Portugal's property tax regime shifted in several significant ways in 2026 — a new flat IMT rate for non-resident buyers, a revised double taxation treaty with the United Kingdom, and the full consolidation of the IFICI regime in place of NHR — but for buyers purchasing through a properly structured LLC, the picture is materially more favourable than the headline numbers suggest.

14 MAY 2026

Portugal Property Tax for Co-Owners in 2026: IMT, IMI, Capital Gains and What the End of NHR Really Means

It is mid-morning at the notário's office in Lagos, and the conveyancing is almost done. The clerk slides a document across the table: the IMT assessment — Portugal's Imposto Municipal sobre as Transmissões, or property transfer tax — calculated on the agreed purchase price of a villa in the hills above the Meia Praia. For a non-resident buyer completing in 2026, the figure is unambiguous: a flat 7.5 per cent on the purchase price. On a €900,000 property, that is €67,500 before stamp duty, legal fees, or notarial costs. The buyer has done some research, but not enough of it. They had expected something lower — a colleague who completed the previous year had paid less. What changed, and why, is the first question any serious buyer of Portuguese property now needs to answer before they make an offer.

Portugal's property tax landscape shifted in several material respects in 2026. A new flat IMT rate replaced the old progressive scale for non-resident buyers. The Non-Habitual Resident regime — the NHR — that had attracted tens of thousands of international buyers and retirees over the previous decade closed at the end of 2023, replaced by a narrower instrument that excludes passive investors and second-home buyers entirely. And in January 2026, a new double taxation treaty between the United Kingdom and Portugal came into force, replacing a framework that dated to 1968. Understanding how these changes interact — particularly for buyers purchasing through a structured LLC, as co-ownership on the COP platform is constructed — is essential before any offer is made. This guide works through each element in turn, from acquisition costs to annual holding taxes to exit, and sets out where the co-ownership structure produces a measurably different — and in several respects more efficient — tax outcome than direct individual ownership.

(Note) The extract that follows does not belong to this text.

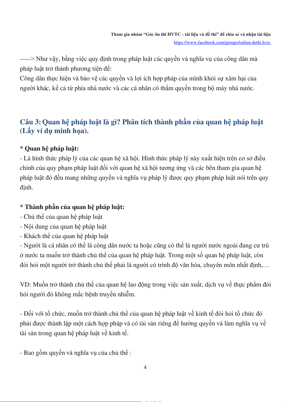 Câu 3: Quan hệ pháp luật là gì? Phân tích thành phần của quan hệ pháp luật (Lấy ví dụ minh họa).
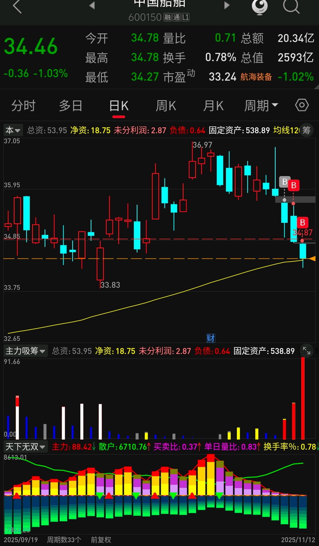 $中国船舶(SH600150)$

Buying Into Portugal: IMT, Stamp Duty and the 2026 Rate Change

Until 2026, Portugal's IMT operated on a progressive scale for residential purchases. A non-resident buying a property priced at €600,000 paid a blended rate that worked out to roughly 5.5 to 6 per cent of the purchase price in practice; at €900,000, the effective rate approached 6.5 per cent. The Construir Portugal housing package, passed by the Portuguese parliament in February 2026, replaced this graduated structure entirely for non-resident buyers: a single flat rate of 7.5 per cent now applies to all residential property purchases by non-residents, regardless of price. For lower-value properties, the change is relatively modest; for higher-value purchases above €800,000, it represents a meaningful increase in acquisition cost. At €1 million, a non-resident buyer now pays €75,000 in IMT alone — roughly €15,000 more than under the previous progressive scale at that price point.

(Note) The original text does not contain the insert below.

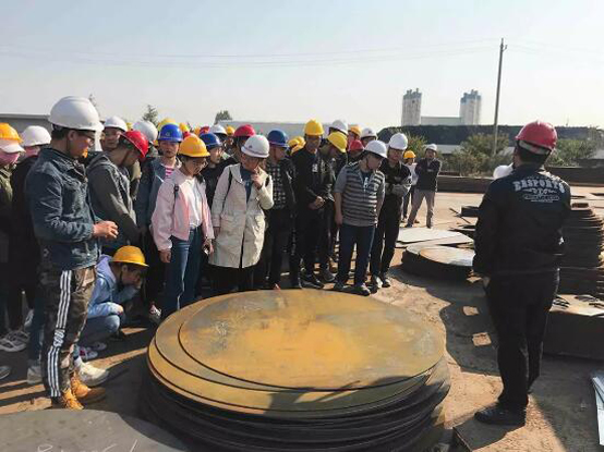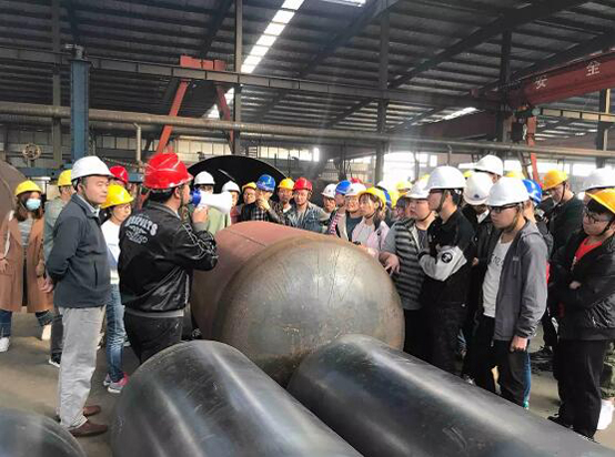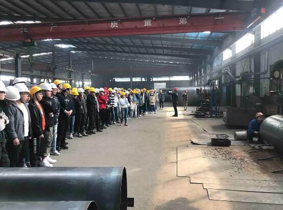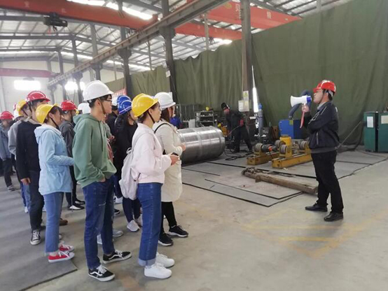 姜總監(jiān)生動(dòng)形象介紹壓力容器的生產(chǎn)工藝、生產(chǎn)過(guò)程、下料、水壓試驗(yàn)……,同學(xué)們還重點(diǎn)參觀學(xué)習(xí)了自動(dòng)焊、二保焊、氬弧焊等焊接工藝。

Stamp duty — Imposto do Selo — is charged at a flat 0.8 per cent of the purchase price and applies to all buyers regardless of residency status. Legal fees, notarial costs, and land registry charges typically add a further 1 to 1.5 per cent of purchase price. A buyer's total transaction costs on a €1 million Portuguese property in 2026 therefore run to approximately 9.5 to 10 per cent of the purchase price — a figure that needs to be factored in at the offer stage, not at the notário's desk. Understanding the full acquisition cost structure, and planning for it, is one of the first practical steps in evaluating any Portuguese property transaction. Our buying FAQs set out how these costs are structured and shared within a co-ownership transaction.

For buyers purchasing through a corporate vehicle — which includes the LLC structure used in COP's co-ownership model — the IMT picture is more nuanced and depends on the specific structure, the LLC's declared purpose, and the applicable Portuguese tax rules for corporate property acquisition. Portuguese law provides general rules for company purchases of residential property, and the interaction between the entity's domicile, its operational purpose, and the nature of the co-ownership arrangement can affect both the applicable IMT rate and the subsequent AIMI treatment. This is one of several reasons why legal and tax advice specific to the chosen ownership vehicle is essential before completing on any Portuguese property, whether in full ownership or through a shared structure. The general tax principles described in this guide apply; the specific numbers in any given transaction will depend on the structure and require professional verification.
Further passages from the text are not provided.